● Required action
For this exercise, an exact copy is needed of only the lines from the one containing "In Carl Sandburg's" through the end of the data, with pictures left out.

● Provided material
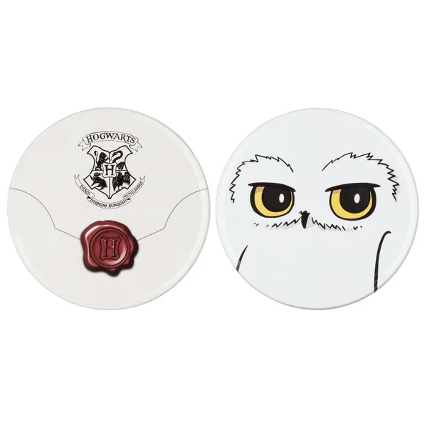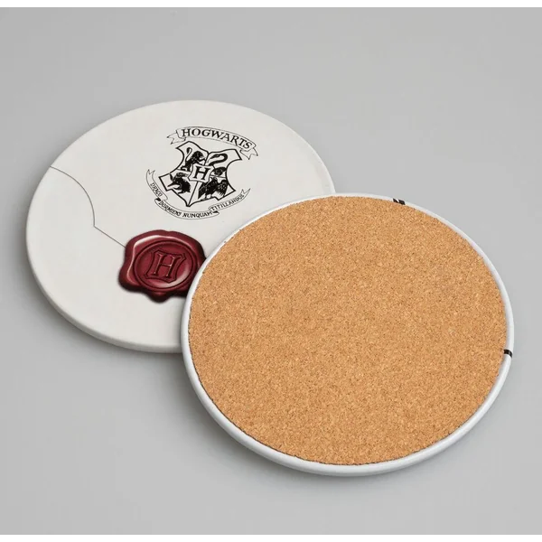 Lot de deux sous-verres avec base en liège et surface en étain avec motif imprimé. Dimensions : 9 x 9 cm.
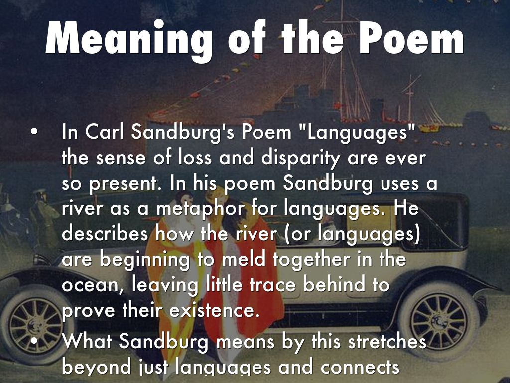 In Carl Sandburg's Poem "Languages" the sense of loss and disparity are ever so present. In his poem Sandburg uses a river as a metaphor for languages. He describes how the river (or languages) are beginning to meld together in the ocean, leaving little trace behind to prove their existence.
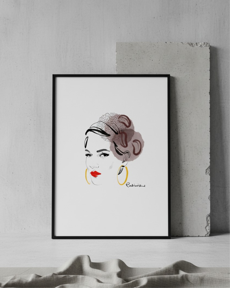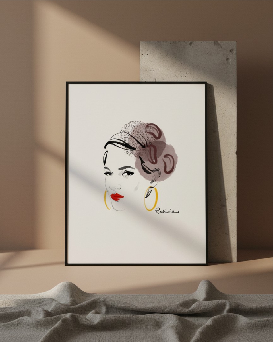 W grafice najmocniej wybrzmiewają kontrasty. Intensywna czerwień ust, złote kolczyki w formie dużych kół i miękko opracowane włosy w przygaszonych, ciepłych brązach tworzą kompozycję pełną kobiecości, ale bez przesadnej dosłowności. Ten plakat ma w sobie szyk, lekkość i artystyczną swobodę, dzięki czemu może stać się ciekawym akcentem zarówno w salonie, sypialni, domowym biurze, jak i w przestrzeni bardziej prywatnej – tam, gdzie chcesz budować wnętrze z wyczuciem i własnym rytmem.
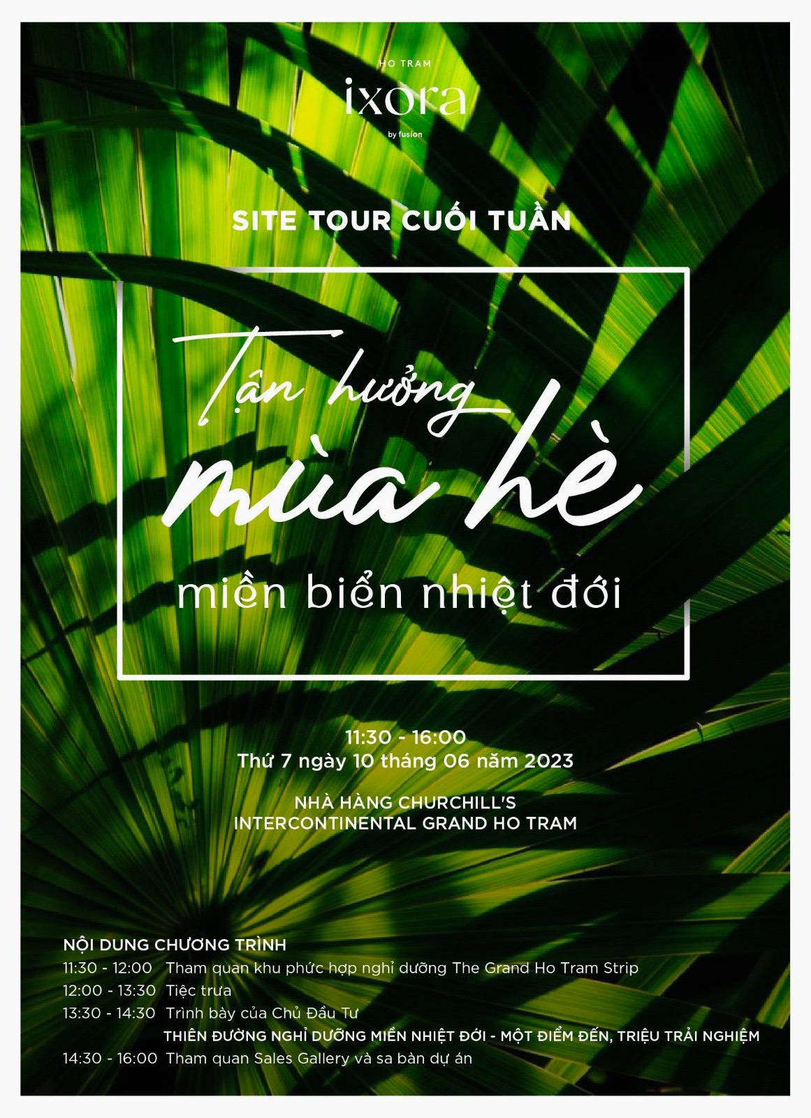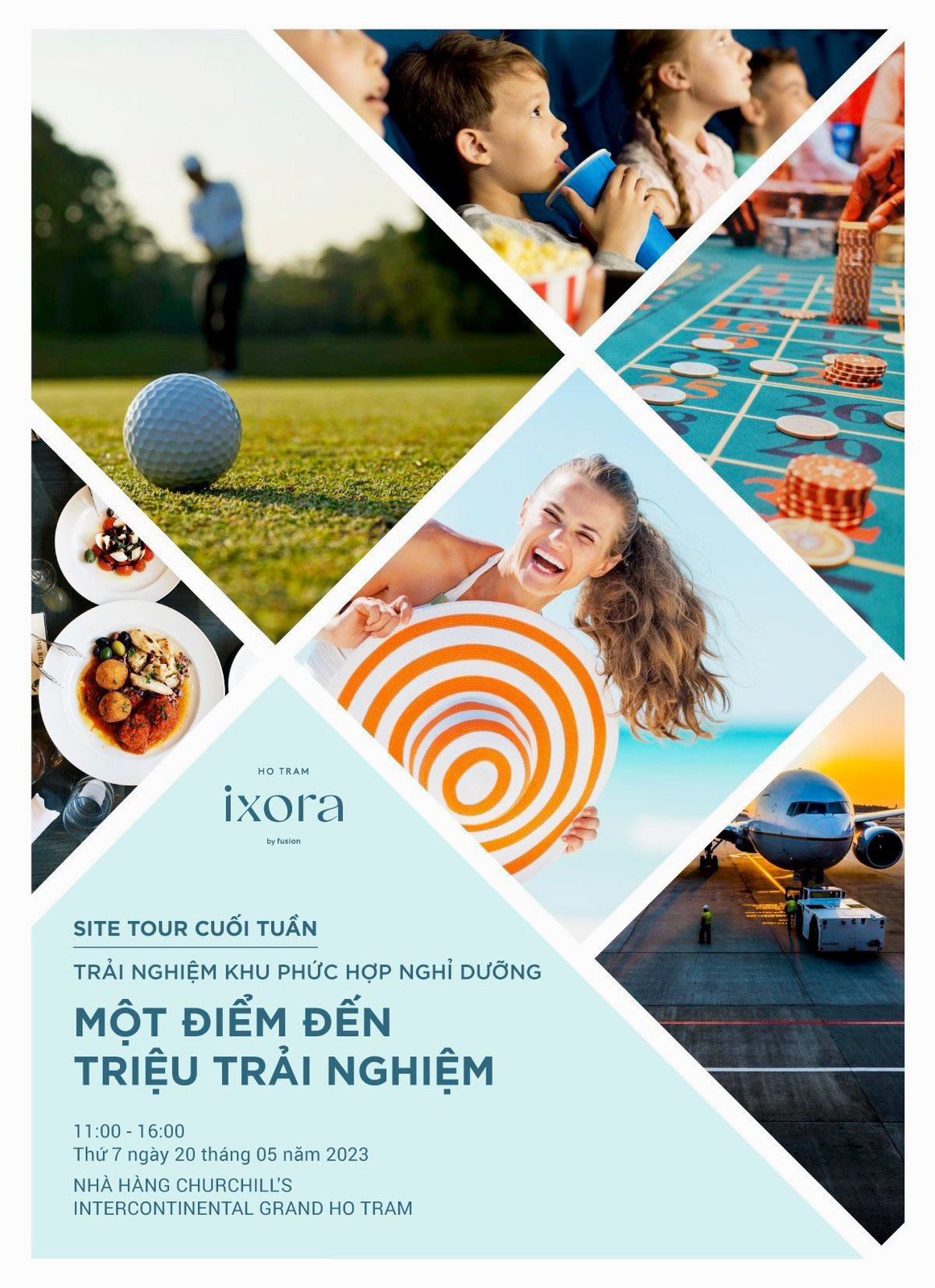 Ixora Hồ Tràm “Về với thiên nhiên Rừng & Biển” tiệc trà, coffee, buffe ngày 27.5 diễn ra tại NHÀ HÀNG CHURCHILL”S - trong quần thể casino, vui chơi giải trí ks nghỉ dưỡng KHÁCH SẠN INTERCONTINENTAL GRAND HO TRAM với bãi biển trắng mịn trải dài, sạch đẹp, sóng yên phẳng lặng, tham quan sân golf Bluffs Hồ Tràm Strip Vũng Tàu.

● Exercise solution
 In Carl Sandburg's Poem "Languages" the sense of loss and disparity are ever so present. In his poem Sandburg uses a river as a metaphor for languages. He describes how the river (or languages) are beginning to meld together in the ocean, leaving little trace behind to prove their existence.
 W grafice najmocniej wybrzmiewają kontrasty. Intensywna czerwień ust, złote kolczyki w formie dużych kół i miękko opracowane włosy w przygaszonych, ciepłych brązach tworzą kompozycję pełną kobiecości, ale bez przesadnej dosłowności. Ten plakat ma w sobie szyk, lekkość i artystyczną swobodę, dzięki czemu może stać się ciekawym akcentem zarówno w salonie, sypialni, domowym biurze, jak i w przestrzeni bardziej prywatnej – tam, gdzie chcesz budować wnętrze z wyczuciem i własnym rytmem.
 Ixora Hồ Tràm “Về với thiên nhiên Rừng & Biển” tiệc trà, coffee, buffe ngày 27.5 diễn ra tại NHÀ HÀNG CHURCHILL”S - trong quần thể casino, vui chơi giải trí ks nghỉ dưỡng KHÁCH SẠN INTERCONTINENTAL GRAND HO TRAM với bãi biển trắng mịn trải dài, sạch đẹp, sóng yên phẳng lặng, tham quan sân golf Bluffs Hồ Tràm Strip Vũng Tàu.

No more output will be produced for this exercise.